◆ **Data extracts**
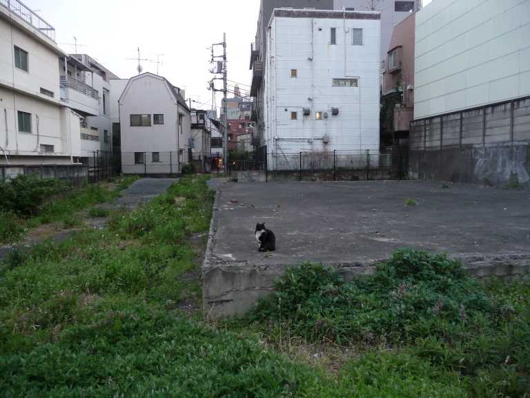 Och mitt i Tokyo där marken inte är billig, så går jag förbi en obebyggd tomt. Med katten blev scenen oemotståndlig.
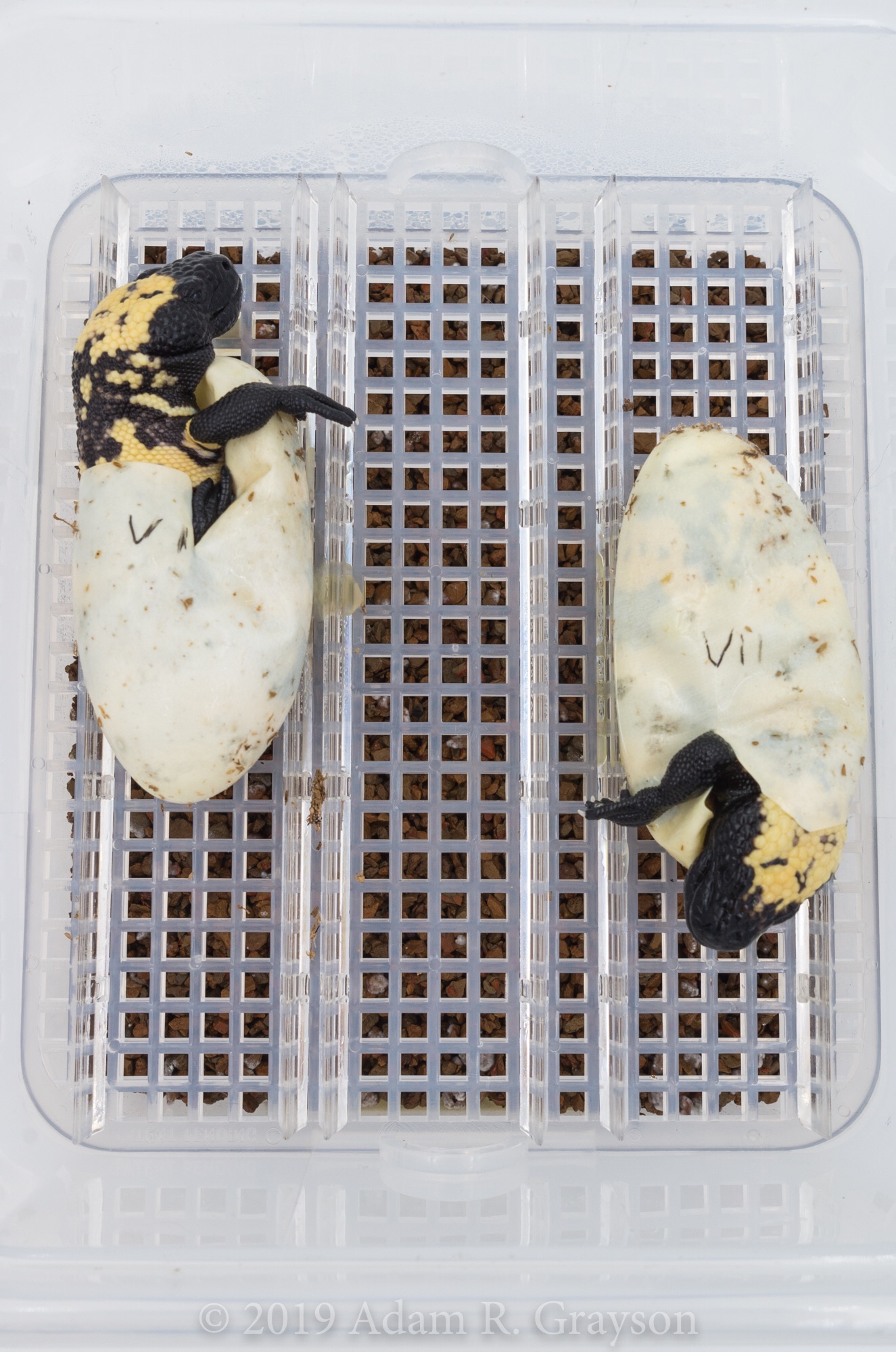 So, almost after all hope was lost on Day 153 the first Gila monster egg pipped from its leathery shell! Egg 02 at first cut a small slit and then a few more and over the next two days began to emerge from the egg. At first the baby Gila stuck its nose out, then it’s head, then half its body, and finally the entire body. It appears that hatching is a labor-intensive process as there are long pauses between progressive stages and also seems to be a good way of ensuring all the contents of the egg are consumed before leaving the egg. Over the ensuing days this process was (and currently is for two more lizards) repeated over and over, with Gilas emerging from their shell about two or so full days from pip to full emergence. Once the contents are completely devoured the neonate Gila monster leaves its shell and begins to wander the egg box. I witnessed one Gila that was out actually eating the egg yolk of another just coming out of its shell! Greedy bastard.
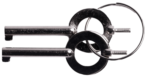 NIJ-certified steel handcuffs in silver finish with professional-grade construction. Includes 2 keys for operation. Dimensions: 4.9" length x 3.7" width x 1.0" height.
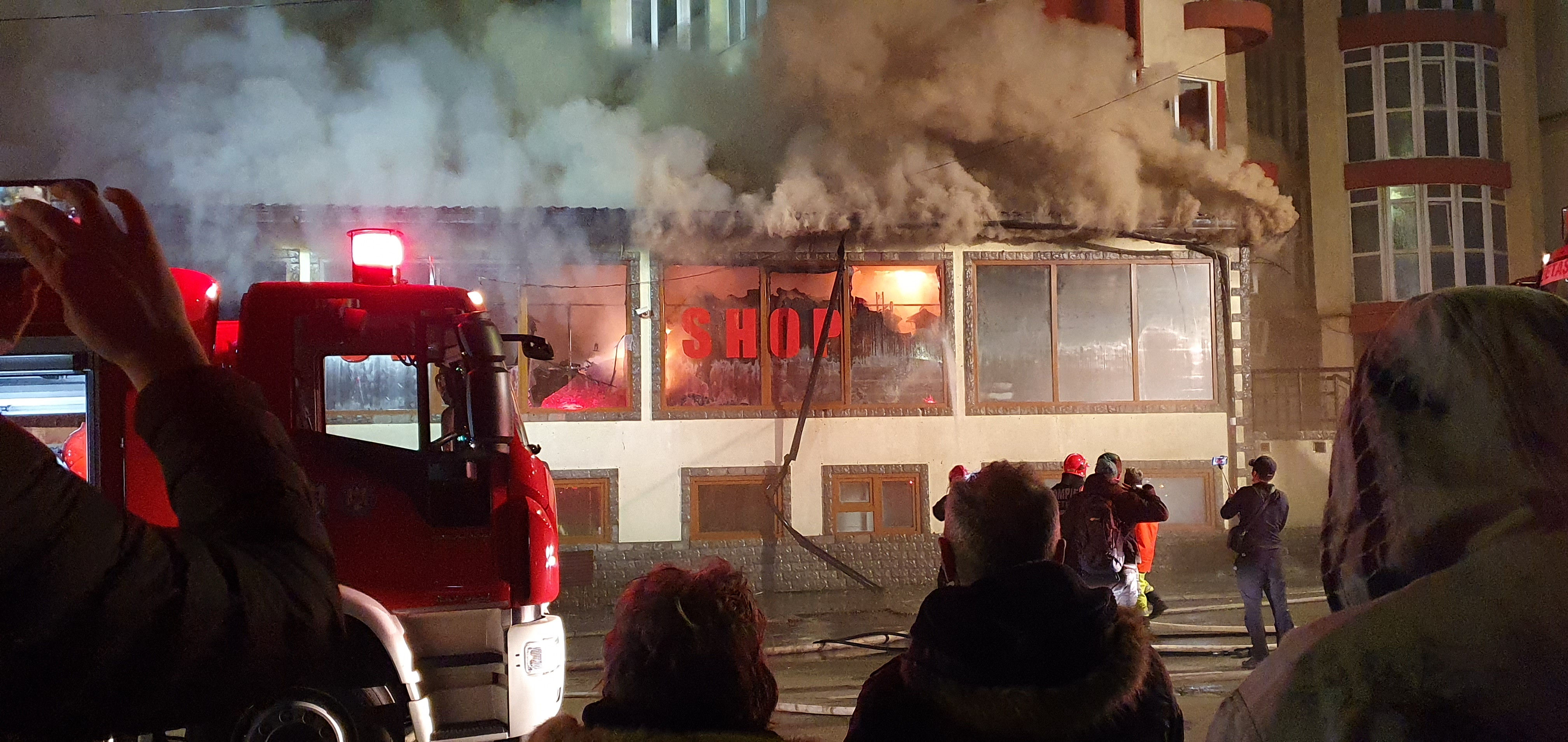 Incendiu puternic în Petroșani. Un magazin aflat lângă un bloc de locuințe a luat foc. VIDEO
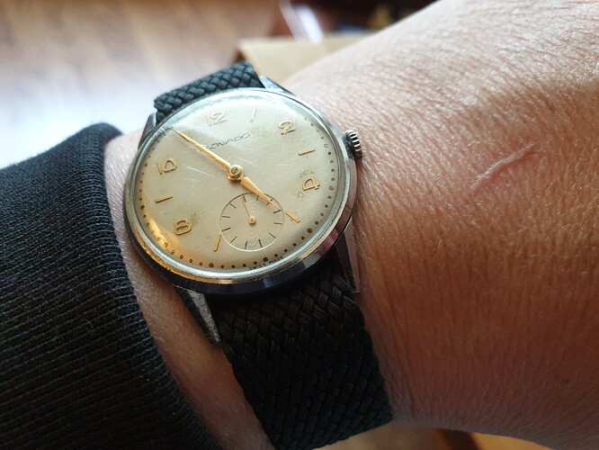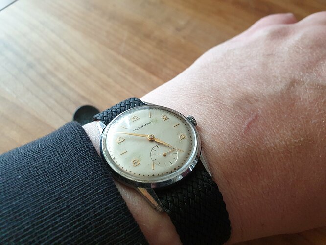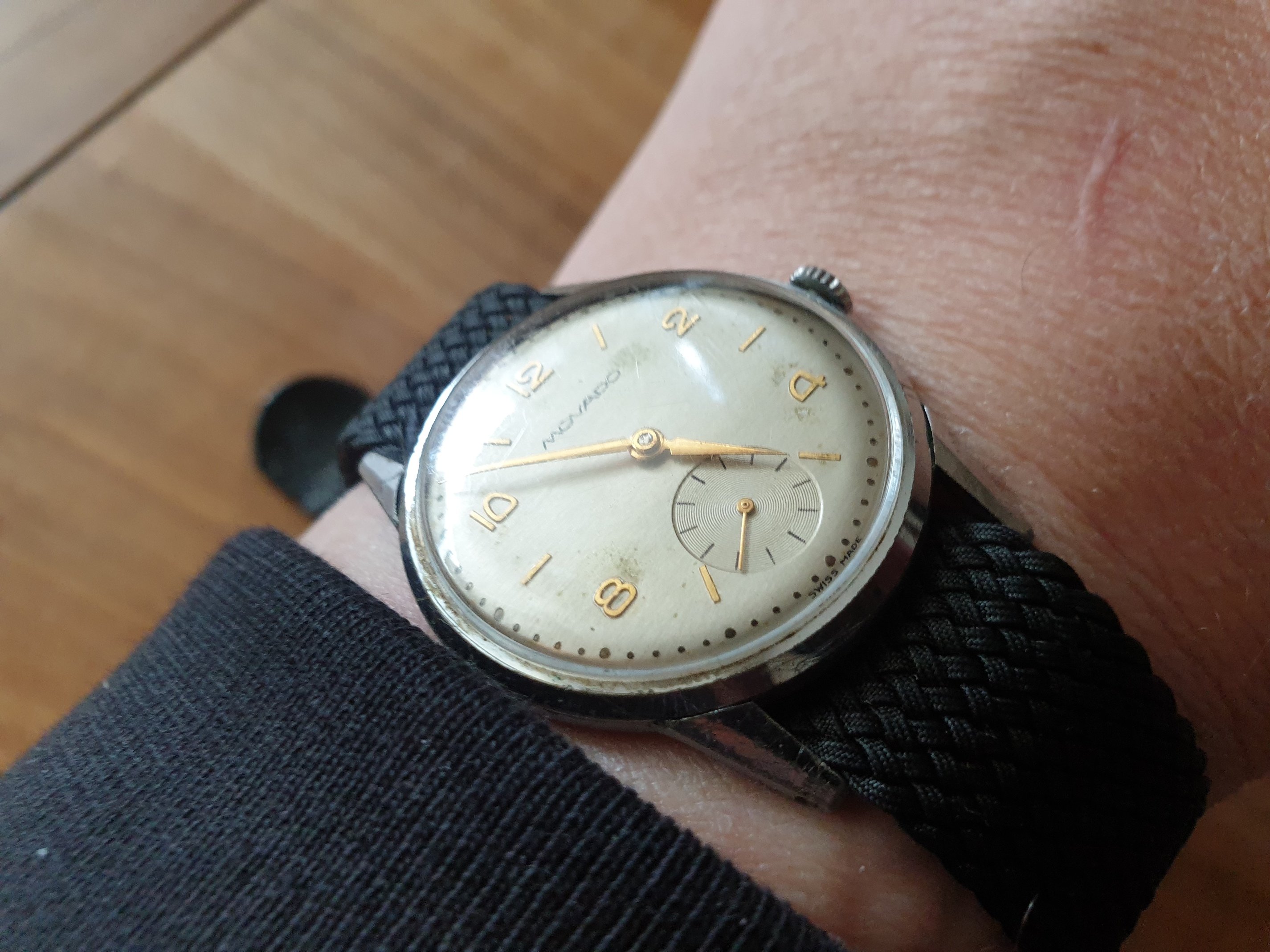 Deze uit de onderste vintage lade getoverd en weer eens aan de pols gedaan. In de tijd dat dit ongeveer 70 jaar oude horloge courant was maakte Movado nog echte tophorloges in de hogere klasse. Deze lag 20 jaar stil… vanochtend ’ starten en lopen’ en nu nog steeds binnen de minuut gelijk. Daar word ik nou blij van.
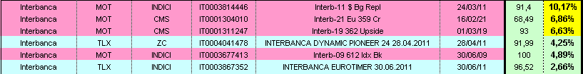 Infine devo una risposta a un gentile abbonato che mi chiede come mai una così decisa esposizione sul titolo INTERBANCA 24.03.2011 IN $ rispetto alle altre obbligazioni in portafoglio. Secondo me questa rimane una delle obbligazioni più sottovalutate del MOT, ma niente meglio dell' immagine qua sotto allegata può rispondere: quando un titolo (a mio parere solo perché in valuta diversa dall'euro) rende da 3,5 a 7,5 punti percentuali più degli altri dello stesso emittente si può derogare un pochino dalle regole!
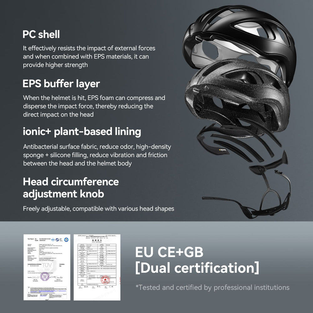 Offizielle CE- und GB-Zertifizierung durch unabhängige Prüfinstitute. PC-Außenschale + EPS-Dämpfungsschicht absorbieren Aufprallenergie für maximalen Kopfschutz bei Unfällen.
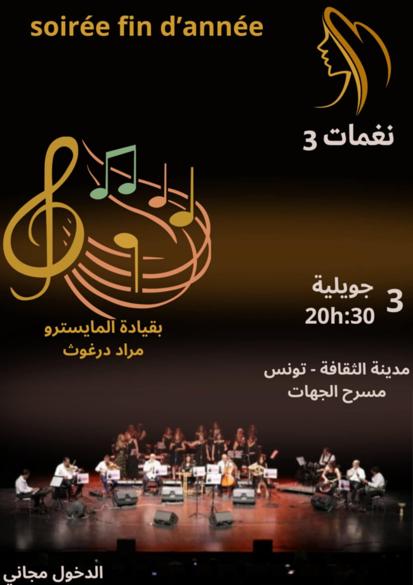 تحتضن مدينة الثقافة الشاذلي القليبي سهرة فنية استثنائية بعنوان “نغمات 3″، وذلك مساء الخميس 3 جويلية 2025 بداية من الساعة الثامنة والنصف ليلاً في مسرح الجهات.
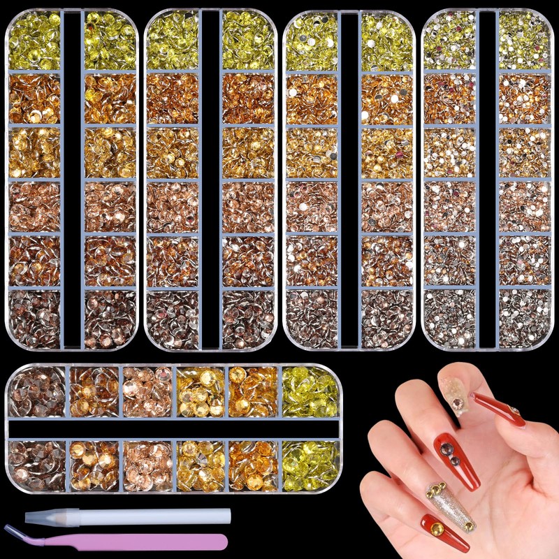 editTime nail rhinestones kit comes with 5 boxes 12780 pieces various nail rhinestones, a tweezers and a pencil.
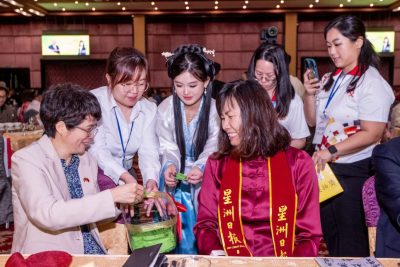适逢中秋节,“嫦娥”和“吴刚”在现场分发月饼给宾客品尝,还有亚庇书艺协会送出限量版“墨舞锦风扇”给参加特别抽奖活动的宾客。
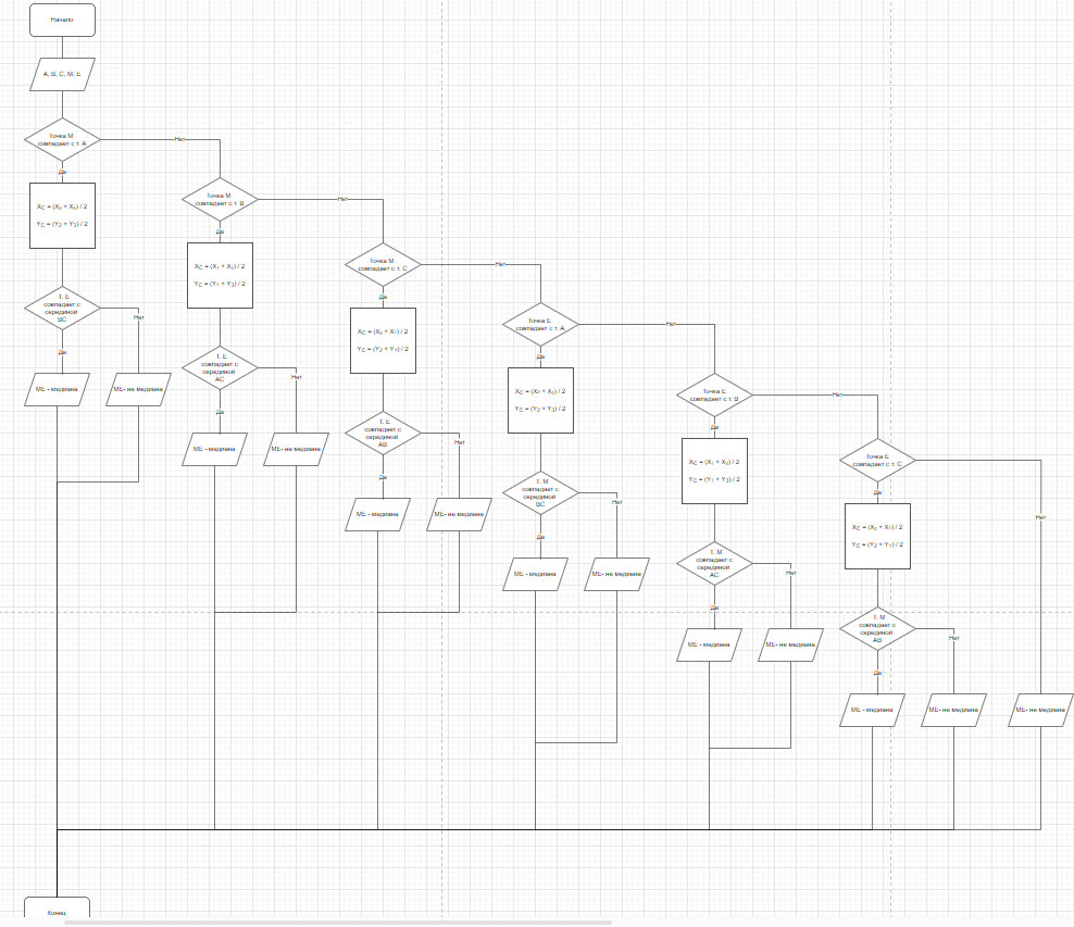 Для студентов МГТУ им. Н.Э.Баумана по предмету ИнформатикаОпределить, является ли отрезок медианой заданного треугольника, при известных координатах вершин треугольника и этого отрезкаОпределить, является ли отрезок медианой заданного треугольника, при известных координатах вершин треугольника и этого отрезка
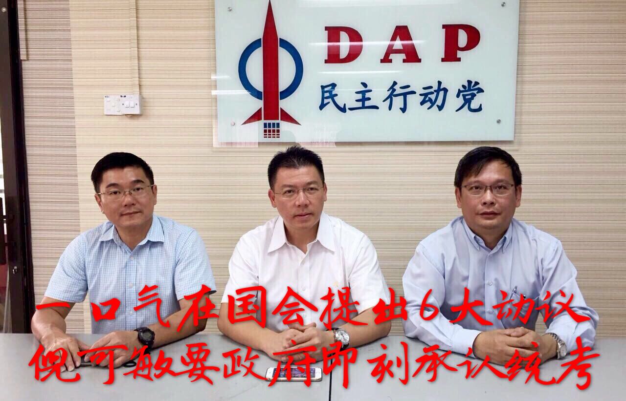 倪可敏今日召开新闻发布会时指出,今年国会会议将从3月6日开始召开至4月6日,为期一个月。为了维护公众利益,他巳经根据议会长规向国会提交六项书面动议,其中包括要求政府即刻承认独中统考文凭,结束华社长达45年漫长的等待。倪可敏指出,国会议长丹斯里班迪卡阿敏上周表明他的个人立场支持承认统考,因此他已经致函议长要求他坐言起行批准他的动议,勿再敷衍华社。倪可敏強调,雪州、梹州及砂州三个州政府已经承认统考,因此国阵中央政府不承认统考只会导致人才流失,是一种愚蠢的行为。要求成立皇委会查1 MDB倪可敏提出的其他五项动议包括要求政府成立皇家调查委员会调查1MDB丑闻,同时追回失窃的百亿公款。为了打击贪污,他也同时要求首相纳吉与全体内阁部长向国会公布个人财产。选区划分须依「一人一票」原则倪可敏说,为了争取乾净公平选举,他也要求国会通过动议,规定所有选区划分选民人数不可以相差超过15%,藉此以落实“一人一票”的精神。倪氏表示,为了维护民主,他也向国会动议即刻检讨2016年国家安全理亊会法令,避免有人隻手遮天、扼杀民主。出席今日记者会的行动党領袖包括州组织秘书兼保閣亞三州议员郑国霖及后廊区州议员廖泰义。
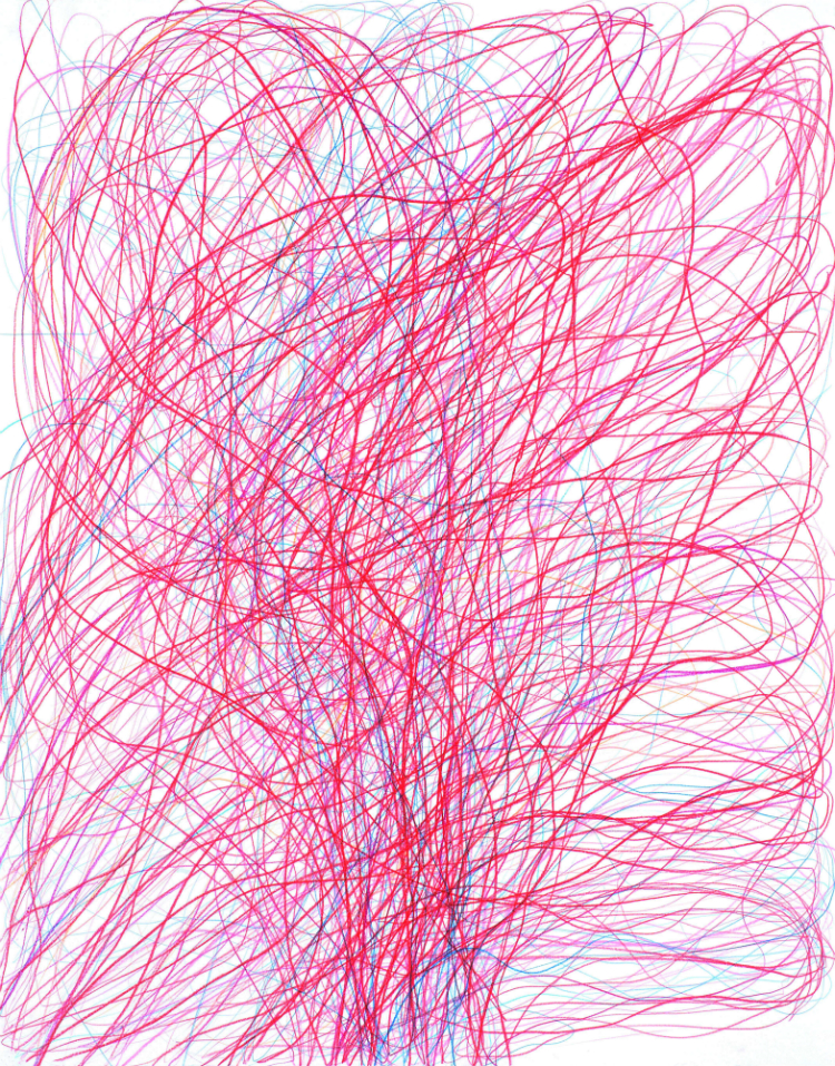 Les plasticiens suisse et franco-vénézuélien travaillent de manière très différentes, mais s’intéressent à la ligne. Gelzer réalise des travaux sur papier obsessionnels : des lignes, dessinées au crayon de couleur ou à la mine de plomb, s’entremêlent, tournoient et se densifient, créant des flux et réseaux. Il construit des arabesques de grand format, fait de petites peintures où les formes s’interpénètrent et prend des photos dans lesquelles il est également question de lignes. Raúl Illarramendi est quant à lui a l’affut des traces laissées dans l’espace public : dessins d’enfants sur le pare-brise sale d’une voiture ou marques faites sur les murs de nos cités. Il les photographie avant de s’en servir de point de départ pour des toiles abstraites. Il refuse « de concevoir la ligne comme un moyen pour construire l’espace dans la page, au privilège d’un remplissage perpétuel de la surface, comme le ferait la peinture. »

◆ **Problem to solve**
A word-for-word copy of all the data is required, minus the pictures.

◆ **Written reply**
 Och mitt i Tokyo där marken inte är billig, så går jag förbi en obebyggd tomt. Med katten blev scenen oemotståndlig.
 So, almost after all hope was lost on Day 153 the first Gila monster egg pipped from its leathery shell! Egg 02 at first cut a small slit and then a few more and over the next two days began to emerge from the egg. At first the baby Gila stuck its nose out, then it’s head, then half its body, and finally the entire body. It appears that hatching is a labor-intensive process as there are long pauses between progressive stages and also seems to be a good way of ensuring all the contents of the egg are consumed before leaving the egg. Over the ensuing days this process was (and currently is for two more lizards) repeated over and over, with Gilas emerging from their shell about two or so full days from pip to full emergence. Once the contents are completely devoured the neonate Gila monster leaves its shell and begins to wander the egg box. I witnessed one Gila that was out actually eating the egg yolk of another just coming out of its shell! Greedy bastard.
 NIJ-certified steel handcuffs in silver finish with professional-grade construction. Includes 2 keys for operation. Dimensions: 4.9" length x 3.7" width x 1.0" height.
 Incendiu puternic în Petroșani. Un magazin aflat lângă un bloc de locuințe a luat foc. VIDEO
 Deze uit de onderste vintage lade getoverd en weer eens aan de pols gedaan. In de tijd dat dit ongeveer 70 jaar oude horloge courant was maakte Movado nog echte tophorloges in de hogere klasse. Deze lag 20 jaar stil… vanochtend ’ starten en lopen’ en nu nog steeds binnen de minuut gelijk. Daar word ik nou blij van.
 Infine devo una risposta a un gentile abbonato che mi chiede come mai una così decisa esposizione sul titolo INTERBANCA 24.03.2011 IN $ rispetto alle altre obbligazioni in portafoglio. Secondo me questa rimane una delle obbligazioni più sottovalutate del MOT, ma niente meglio dell' immagine qua sotto allegata può rispondere: quando un titolo (a mio parere solo perché in valuta diversa dall'euro) rende da 3,5 a 7,5 punti percentuali più degli altri dello stesso emittente si può derogare un pochino dalle regole!
 Offizielle CE- und GB-Zertifizierung durch unabhängige Prüfinstitute. PC-Außenschale + EPS-Dämpfungsschicht absorbieren Aufprallenergie für maximalen Kopfschutz bei Unfällen.
 تحتضن مدينة الثقافة الشاذلي القليبي سهرة فنية استثنائية بعنوان “نغمات 3″، وذلك مساء الخميس 3 جويلية 2025 بداية من الساعة الثامنة والنصف ليلاً في مسرح الجهات.
 editTime nail rhinestones kit comes with 5 boxes 12780 pieces various nail rhinestones, a tweezers and a pencil.
适逢中秋节,“嫦娥”和“吴刚”在现场分发月饼给宾客品尝,还有亚庇书艺协会送出限量版“墨舞锦风扇”给参加特别抽奖活动的宾客。
 Для студентов МГТУ им. Н.Э.Баумана по предмету ИнформатикаОпределить, является ли отрезок медианой заданного треугольника, при известных координатах вершин треугольника и этого отрезкаОпределить, является ли отрезок медианой заданного треугольника, при известных координатах вершин треугольника и этого отрезка
 倪可敏今日召开新闻发布会时指出,今年国会会议将从3月6日开始召开至4月6日,为期一个月。为了维护公众利益,他巳经根据议会长规向国会提交六项书面动议,其中包括要求政府即刻承认独中统考文凭,结束华社长达45年漫长的等待。倪可敏指出,国会议长丹斯里班迪卡阿敏上周表明他的个人立场支持承认统考,因此他已经致函议长要求他坐言起行批准他的动议,勿再敷衍华社。倪可敏強调,雪州、梹州及砂州三个州政府已经承认统考,因此国阵中央政府不承认统考只会导致人才流失,是一种愚蠢的行为。要求成立皇委会查1 MDB倪可敏提出的其他五项动议包括要求政府成立皇家调查委员会调查1MDB丑闻,同时追回失窃的百亿公款。为了打击贪污,他也同时要求首相纳吉与全体内阁部长向国会公布个人财产。选区划分须依「一人一票」原则倪可敏说,为了争取乾净公平选举,他也要求国会通过动议,规定所有选区划分选民人数不可以相差超过15%,藉此以落实“一人一票”的精神。倪氏表示,为了维护民主,他也向国会动议即刻检讨2016年国家安全理亊会法令,避免有人隻手遮天、扼杀民主。出席今日记者会的行动党領袖包括州组织秘书兼保閣亞三州议员郑国霖及后廊区州议员廖泰义。
 Les plasticiens suisse et franco-vénézuélien travaillent de manière très différentes, mais s’intéressent à la ligne. Gelzer réalise des travaux sur papier obsessionnels : des lignes, dessinées au crayon de couleur ou à la mine de plomb, s’entremêlent, tournoient et se densifient, créant des flux et réseaux. Il construit des arabesques de grand format, fait de petites peintures où les formes s’interpénètrent et prend des photos dans lesquelles il est également question de lignes. Raúl Illarramendi est quant à lui a l’affut des traces laissées dans l’espace public : dessins d’enfants sur le pare-brise sale d’une voiture ou marques faites sur les murs de nos cités. Il les photographie avant de s’en servir de point de départ pour des toiles abstraites. Il refuse « de concevoir la ligne comme un moyen pour construire l’espace dans la page, au privilège d’un remplissage perpétuel de la surface, comme le ferait la peinture. »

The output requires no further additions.